I was wondering if the Path.write_text(data)
function from pathlib was atomic or not.
If not, are there scenarios where we could end up with a file created in the filesystem but not containing the intended content?
To be more specific, as the comment from @ShadowRanger suggested what I care about is to know if the file contains either the original data or the new data, but never something in between. Which is actually less as full atomicity.
No, it does not do any tricks with opening a temp file in the same directory, populating it, and finishing with an atomic rename to replace the original file. The current implementation is guaranteed to be at least two unique operations:
If nothing else, your code could die after step 1 and before step 2 (a badly timed Ctrl-C or power loss), and the original data would be gone, and no new data would be written.

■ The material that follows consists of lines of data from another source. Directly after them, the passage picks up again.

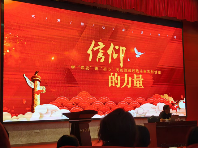 為深入學習黨史,感悟信仰力量,5月20日,中午12點20分,一場以“信仰的力量”為主題的專題黨課在圖書館報告廳A廳舉行。校黨委宣傳部部長賈峰老師通過豐富的歷史資料與生動案例,為同學們呈現了一段驚心動魄的隱蔽斗爭歷史。
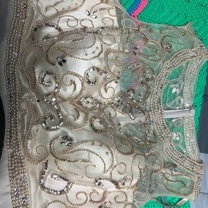 This was my prom dress senior year of high school. I am still in love with it but I have no use for it now! It is a floor length gown with beading at the top! Very very pretty!
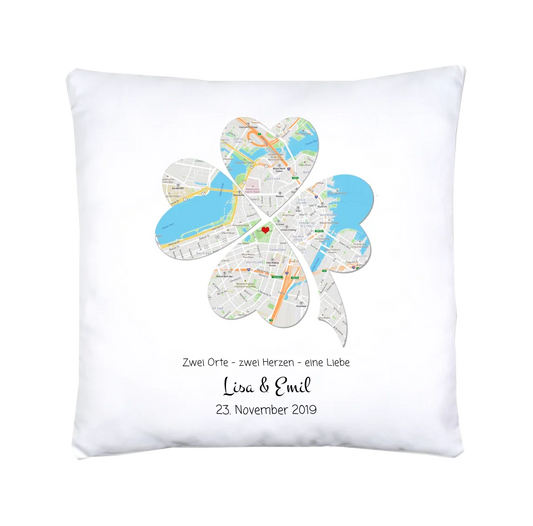 Hochzeitsgeschenk Just Married | Personalisierter Bettbezug Glücksklee Motiv | Geschenk zur Hochzeit, Valentin, Liebe im Koordinaten Stadtkarte Design
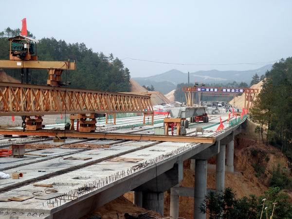 站塘高架橋位于會(huì)昌縣站塘鄉(xiāng),中心樁號(hào)問為K1498+450。大橋全長(zhǎng)135米,共5跨,上部結(jié)構(gòu)為連續(xù)預(yù)應(yīng)力箱梁。10月5日,站塘大橋開始架設(shè)第一片箱梁,經(jīng)過一個(gè)多月的努力施工,終于全幅貫通。
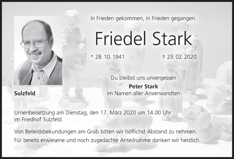 Hier finden Sie alle Traueranzeigen aus der Zeitung, die bisher für Friedel Stark erschienen sind. Weitere Traueranzeigen, die in der Zeitung erscheinen, werden hier ebenfalls aufgelistet
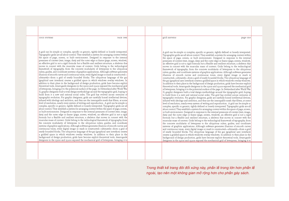 Sách và tạp chí thường được thiết kế theo trang đôi. Một trang đôi, thay vì là một trang đơn, là một đơn vị của thiết kế. Lề trái và phải trở thành lề trong và lề ngoài. Phần mềm thiết kế layout sẽ đồng nhất lề trong sẽ giống nhau cho cả hai trang bên trái và bên phải, tạo ra một sự hài hòa, đối xứng cho trên một mặt giấy. Bạn hoàn toàn tự do, dĩ nhiên, chơi theo luật của bạn và tạo nên một thiết kế trang bất đối xứng.
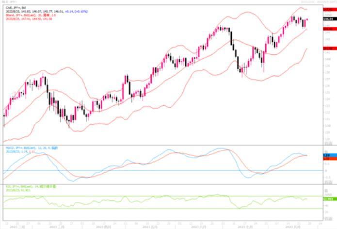 美元兑日元上涨0.68%,收盘于145.83,距离上周触及的九个月高位146.565不远。投资者等待美国联邦储备理事会(美联储/FED)主席鲍威尔周五在杰克森霍尔经济政策研讨会上的发言。以了解美联储的想法,即是否即将完成加息行动,以及计划将利率维持在高位多久。有机构分析预测,在此会议上,预计鲍威尔不会有过多的鸽派表态,控通胀仍旧会是美联储主要关注的事项,而且对于美国经济的发展前景预料不会有悲观的预期。因此,在外汇市场上,做多美元的套利交易模式应该还未到退场的时候。现在主要是交易员还在谨慎测试今年日本央行将会出面干预的警戒水平线在哪。从周线级别图上看,若144-145区域成为阶段的支撑所在,那么进一步上升的话,极有可能向150甚至更高水平前行。日内须继续留意杰克逊霍尔会议在外汇市场上的影响。
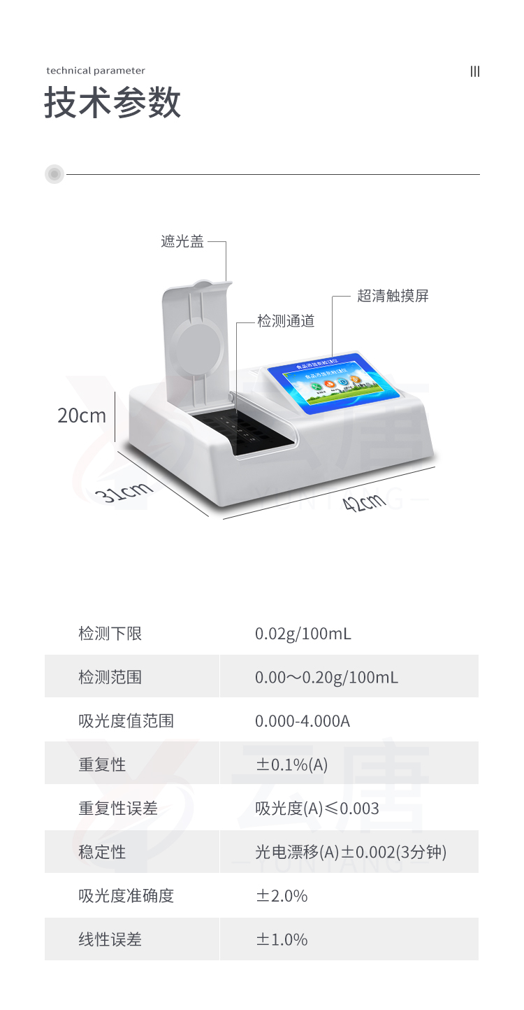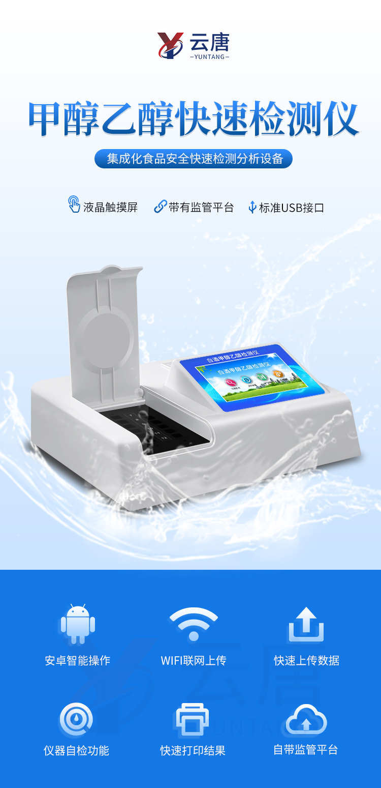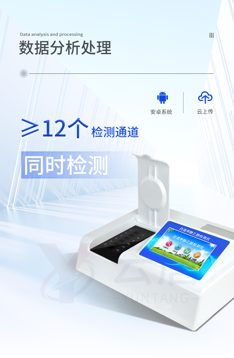 1、 检测项目:可快速检测各类食品中的甲醛的含量,仪器预留其他项目检测程序和端口,根据日后需求可方便的自主增加检测项目。日后可升级为检测,水产品,肉制品,面制品的综合类型仪器。
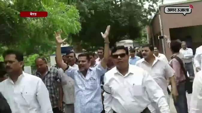 मेरठ में कलेक्ट्रेट के कर्मचारियों ने खूब नारेबाजी की। ये सभी कर्मचारी कमिश्नर के तबादले की मांग कर रहे थे। सभी कर्मचारियों ने सामूहिक अवकाश लेकर डीएम ऑफिस पर प्रदर्शन किया। इस दौरान कलेक्ट्रेट और तहसील दफ्तर में तालाबंदी भी की गई। प्रदर्शन के दौरान डीएम मुर्दाबाद के नारे लगे।
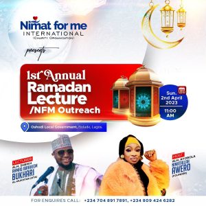 In her quest to bring succour to the less previledge people in the society, A non-governmental and non-profit making organisation ‘NIMAT FOR ME INTERNATIONAL CHARITY ORGANIZATIONS is holding a give away and first annual ramadan lecture.
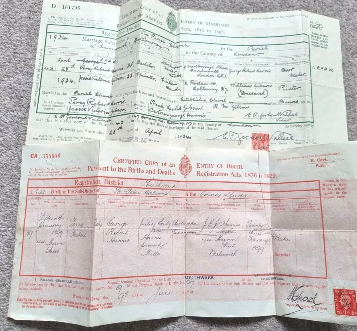 - Birth and Marriage certificates
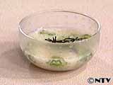 材料: 長芋(170g)、オクラ(5~6本) だし汁(1+1/2カップ)、しょうゆ(小さじ1) 塩(小さじ1/3)、みりん(小さじ1) 作り方 1)長芋はすりおろし、オクラは塩でもんでから 細かくきざんでおきます。 2)鍋にだし汁をあたため、調味料を加えて冷まします。 3)(1)の長芋をボールに移し、調味しただし汁を少しずつ 加え混ぜ、オクラを混ぜ冷やしておいた器に盛ります。

The question is kinda nonsensical on its face. It doesn't really matter if it's atomic; even if it was atomic, a nanosecond after the write occurs, some other process could open the file, truncate it, rewrite it, move it, etc. Heck, in between write_text
opening the file and when it writes the data, some other process could swoop in and move/rename the newly opened file or delete it; the open handle write_text
holds would still work when it writes a nanosecond later, but the data would never be seen in a file at the provided path (and might disappear the instant write_text
closes it, if some other process swooped in and deleted it).
Beyond that, it can't be atomic even while writing, in any portable sense. Two processes could have the same file open at once, and their writes can interleave (there are locks around the standard handles within a process to prevent this, but no such locks exist to coordinate with an arbitrary other process). Concurrent file I/O is hard; avoid it if at all possible.